Recorded data: Begin

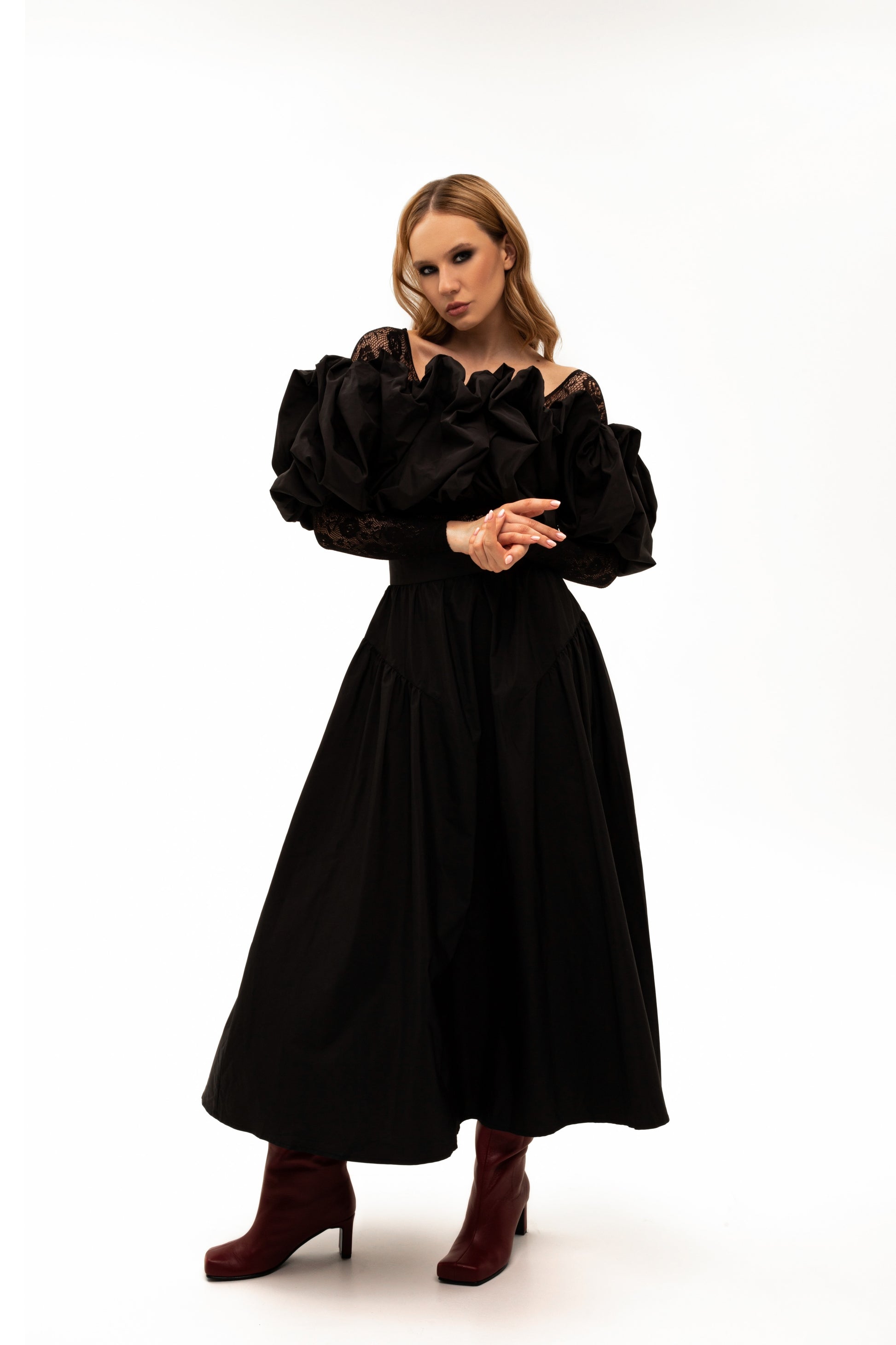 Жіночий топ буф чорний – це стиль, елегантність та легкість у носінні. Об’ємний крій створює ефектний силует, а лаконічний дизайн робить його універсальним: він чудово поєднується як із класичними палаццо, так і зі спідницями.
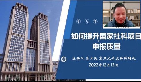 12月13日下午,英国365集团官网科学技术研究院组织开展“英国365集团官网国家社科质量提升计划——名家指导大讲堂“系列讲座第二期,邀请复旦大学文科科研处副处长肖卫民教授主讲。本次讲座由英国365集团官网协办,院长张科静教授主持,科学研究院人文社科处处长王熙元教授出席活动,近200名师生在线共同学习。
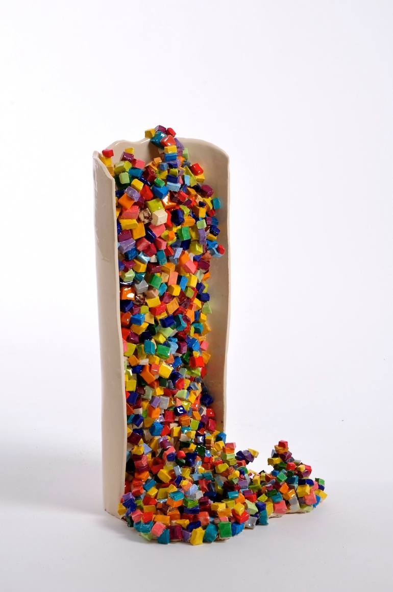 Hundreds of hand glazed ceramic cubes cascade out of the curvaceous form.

Recorded data: End

◆ **What to do**
Begin the copy at the line containing "12月13日下午,英国365" and end it at the final line of the material above, reproducing each line exactly and omitting pictures.

◆ **Answer to the problem**
 12月13日下午,英国365集团官网科学技术研究院组织开展“英国365集团官网国家社科质量提升计划——名家指导大讲堂“系列讲座第二期,邀请复旦大学文科科研处副处长肖卫民教授主讲。本次讲座由英国365集团官网协办,院长张科静教授主持,科学研究院人文社科处处长王熙元教授出席活动,近200名师生在线共同学习。
 Hundreds of hand glazed ceramic cubes cascade out of the curvaceous form.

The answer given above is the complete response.